Improved Community Detection using Stochastic Block Models

TL;DR

This work investigates the tendency of stochastic block models (SBMs) to produce disconnected clusters on large real-world and synthetic networks. It introduces simple post-processing strategies—Connected Components (CC), Well-Connected Clusters (WCC), and the Connectivity Modifier (CM)—to enforce edge-connectivity and improve clustering quality. Across 122 real networks and numerous synthetic LFR benchmarks, CC and especially WCC enhance accuracy metrics such as ARI, AMI, and NMI, while maintaining reasonable coverage; CM is more variable and can hurt performance. The findings provide practical, low-complexity remedies to bolster SBM-based community detection in large-scale graphs, with WCC recommended as the default post-processing step.

Abstract

Community detection approaches resolve complex networks into smaller groups (communities) that are expected to be relatively edge-dense and well-connected.
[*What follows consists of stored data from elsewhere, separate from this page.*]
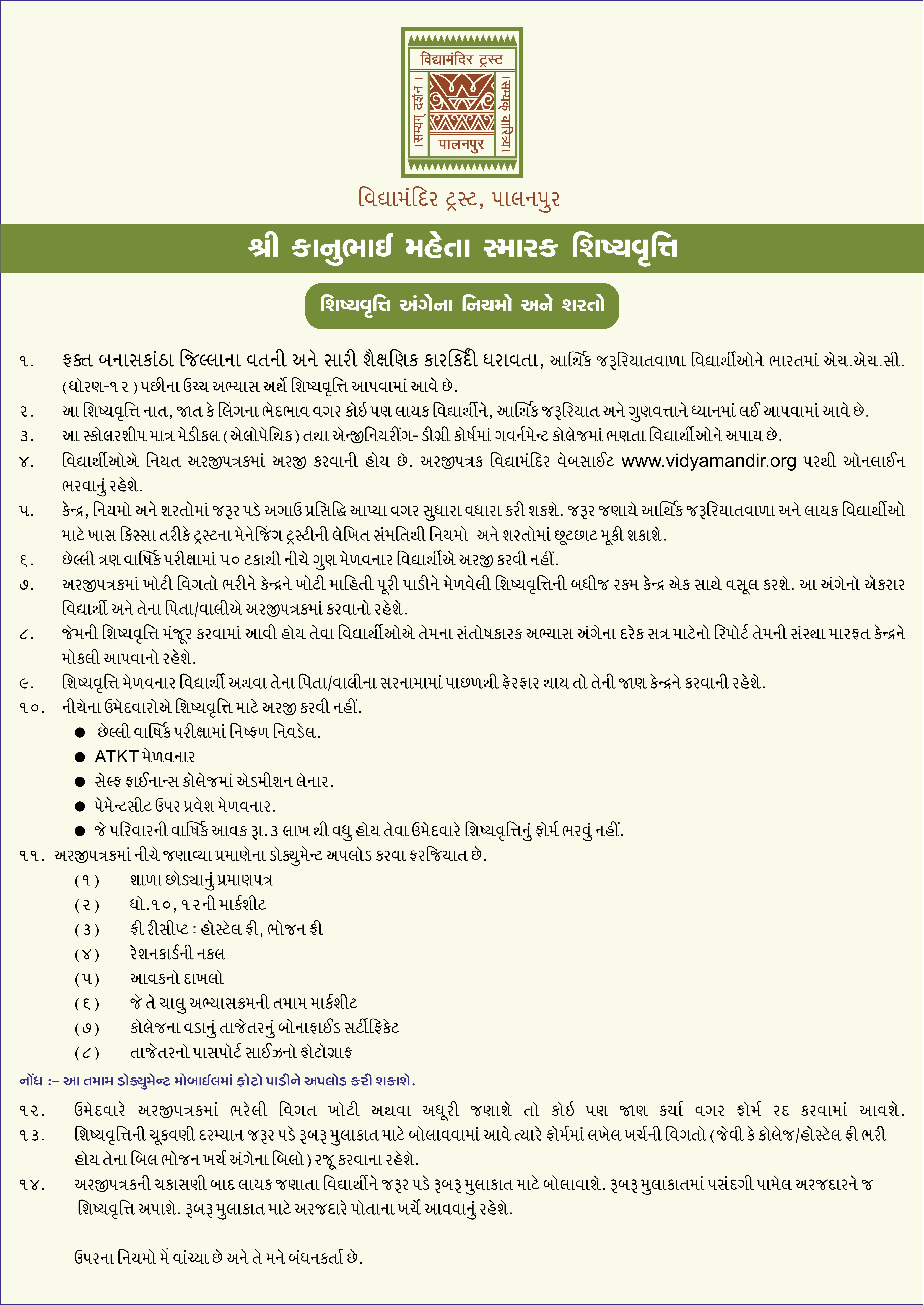 / શ્રી કાનુભાઈ મહેતા સ્મારક શિષ્યવૃત્તિ - 2025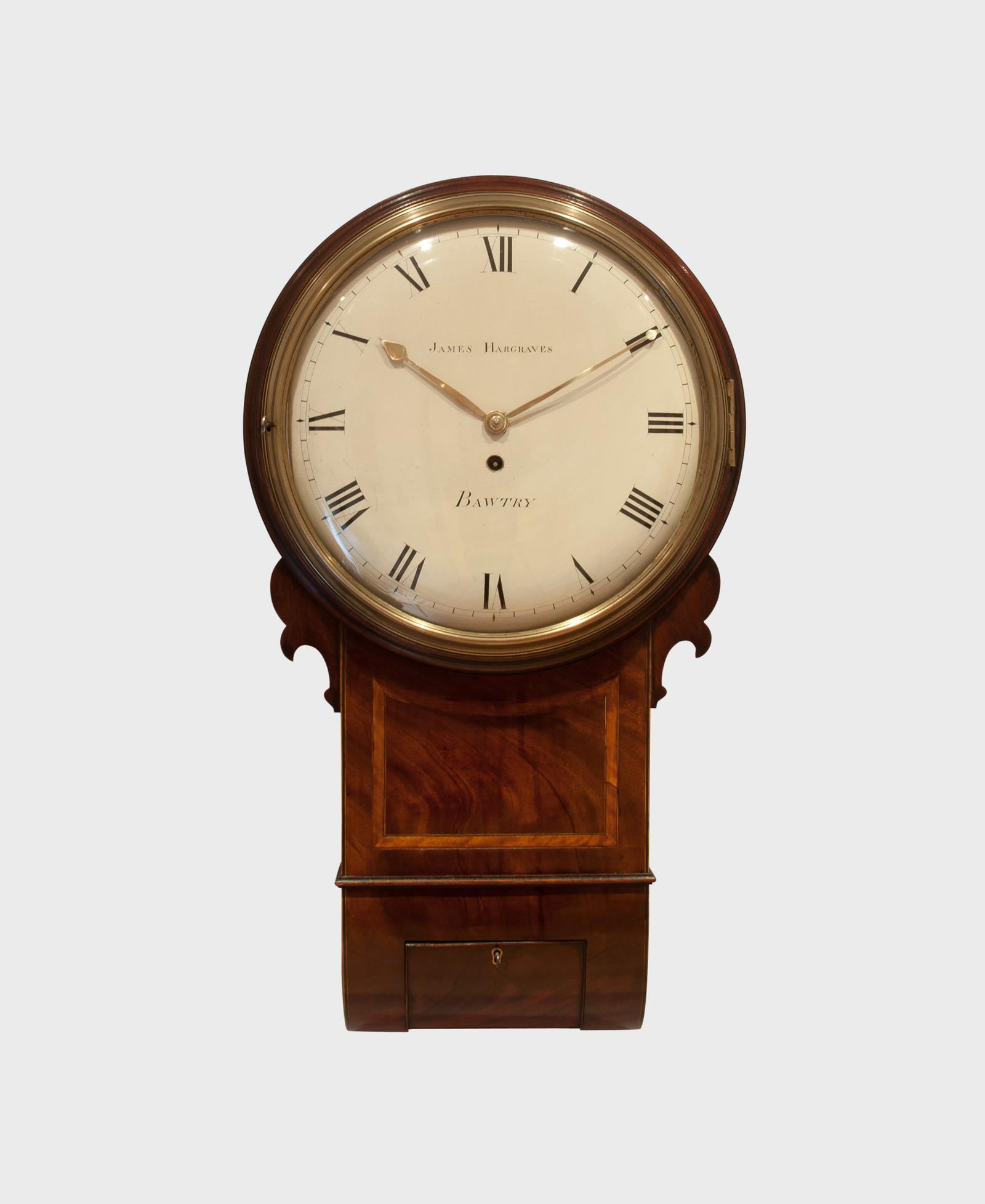 Fine quality 8 day English fusee timepiece trunk dial wall clock by James Hargraves of Bawtry c 1820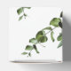 Ce design présente des feuilles d'eucalyptus rustiques. La verdure d'eucalyptus est complétée par un élégant texte noir. Les tons verts poussiéreux de la feuille d'eucalyptus créent une atmosphère rustique de jardin boisé de campagne. Design ballotin de mariage élégant avec des éléments modernes. Des invitations de mariage et d'autres articles de papeterie sont également disponibles.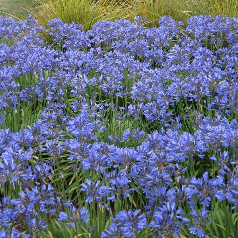 Agapanthus 'Seastorm' creates an explosion of summer colour from June to August. Rounded heads of starry, violet-purple flowers are balanced atop stiff, upright stems which make superb cut flowers. This eye-catching African Lily is free flowering, boasting more stems per plant than traditional varieties. Strap-like, semi-evergreen foliage provides effective summer ground cover, even in dry, drought-prone soils. A lovely choice for planting en masse throughout beds and borders, or filling patio pots with summer colour.

The stochastic block model (SBM) is one of several approaches used to uncover community structure in graphs. In this study, we demonstrate that SBM software applied to various real-world and synthetic networks produces poorly-connected to disconnected clusters. We present simple modifications to improve the connectivity of SBM clusters, and show that the modifications improve accuracy using simulated networks.
Paper Structure (18 sections, 1 equation, 4 figures, 2 tables)
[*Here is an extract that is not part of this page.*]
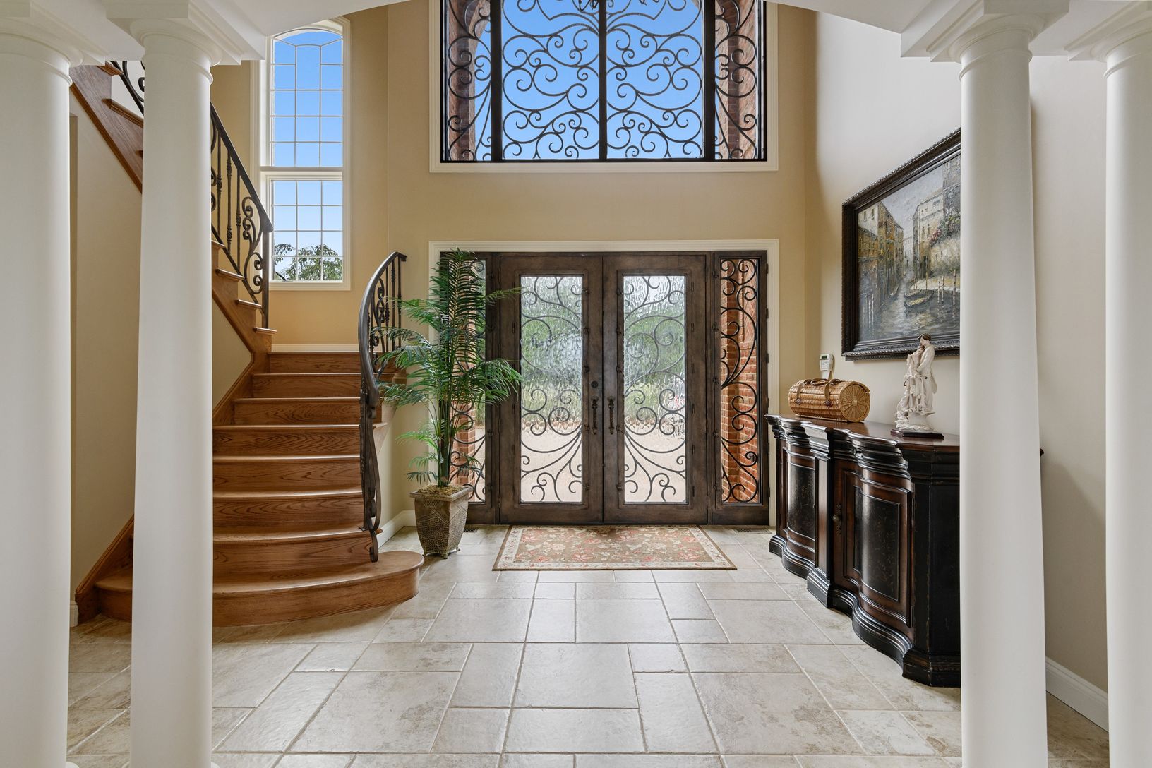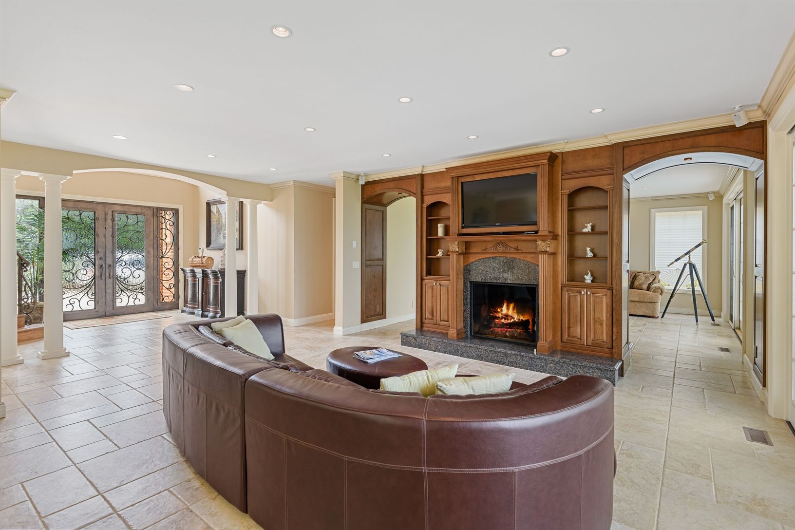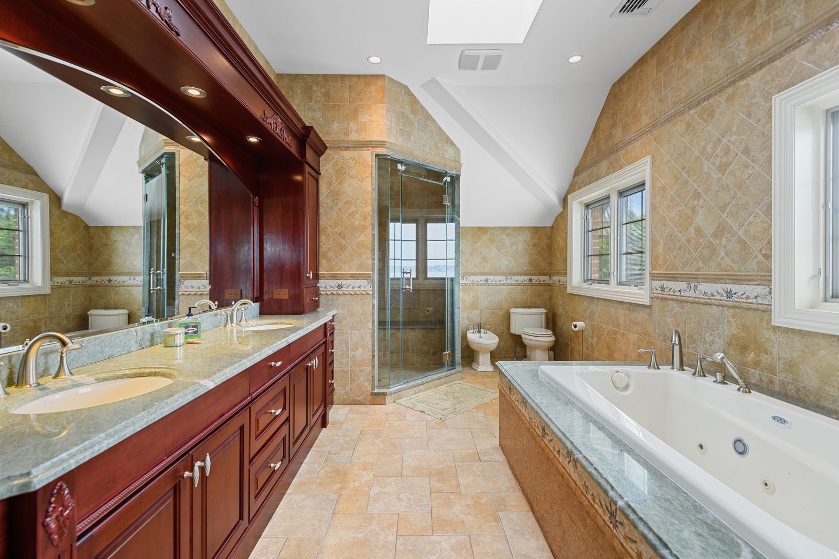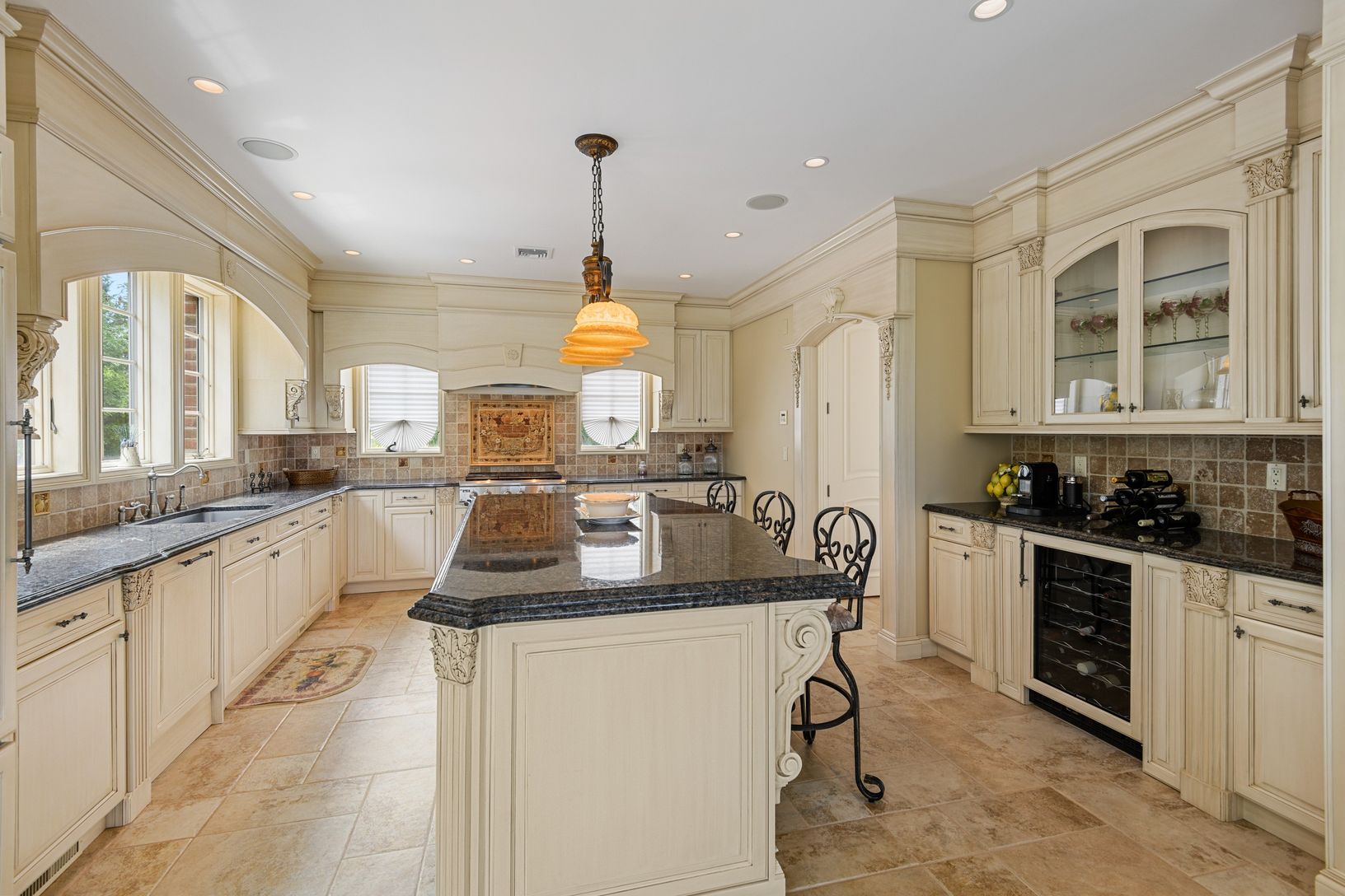 On the shores of Lake Montauk with sweeping views, this stately two story brick home is filled with old world elegance.The home offers five bedrooms and four and a half baths, with glorious water views from many rooms and outdoor terraces. Spacious living room and den with a double-sided gas fireplace, and sliding glass doors opening wide to water views. The eat-in gourmet kitchen features a marble-topped island with seating, extensive counter

This paper contains 18 sections, 1 equation, 4 figures, 2 tables.

Figures (4)

  • Figure 1: Experiment 1: Cluster Connectivity of SBM on 120 Real-World Networks Percentage of disconnected, poorly connected, and well-connected clusters are shown for the selected SBM clustering of 120 real world networks. Each colored bar represents a single network, white bars separate the network groups into small, medium, and large. Two of the datasets from the initial set of 122 datasets are not represented here since the selected SBM model returned no non-singleton clusters.
  • Figure 2: Experiment 2: Impact of Treatment on Cluster Sizes of Medium and Large Real-World Networks The distribution of non-singleton cluster sizes is shown as a boxplot for the selected SBM and its treatments. The y-axis is plotted on a log scale with the whiskers indicating the minimum and maximum cluster sizes in all of the networks in the group. Both groups and treatments have minimum cluster size of 2 for SBM clusterings whether treated or not, but differ in the medians and maxes, as follows. Medium group median/max: SBM: 103/403801, SBM+CC: 2/38539, SBM+WCC: 2/2966, SBM+CM: 6/2169. Large group median/max: SBM: 507/777770, SBM+CC: 3/337018, SBM+WCC: 3/4387, SBM+CM: 9/3258.
  • Figure 3: Experiment 3: Impact of Treatment on ARI Scores of Selected SBM (heatmap). Each LFR network is based on a Leiden clustering of a real-world network, with the column indicating the real-world network and the row specifying the optimization problem (either modularity or CPM for a given resolution value). Blue indicates that post-processing using the corresponding treatment improves ARI accuracy for the clustering method, orange and red indicate that treatment hurts ARI accuracy, and yellow indicates neutral impact. We use "n.a." to indicate that a network was either not used because of too many disconnected ground-truth clusters or that the LFR software failed to generate the network, and "t.o." to indicate that WCC failed to complete within 72 hours.
  • Figure 4: Experiment 3: Impact of WCC Treatment on ARI Scores of Selected SBM (bar chart). Some LFR networks had too many disconnected ground truth clusters or failed to generate, and so results on these networks are not provided and are marked as "n.a.". WCC on the LFR network for cit_patents with Leiden optimizing CPM under $r=0.5$ timed out after 72 hours, and is marked as "t.o.". On the LFR network for cit_hepph with $r=0.5$, both the selected SBM model and its follow-up WCC yielded 0.0 ARI accuracy.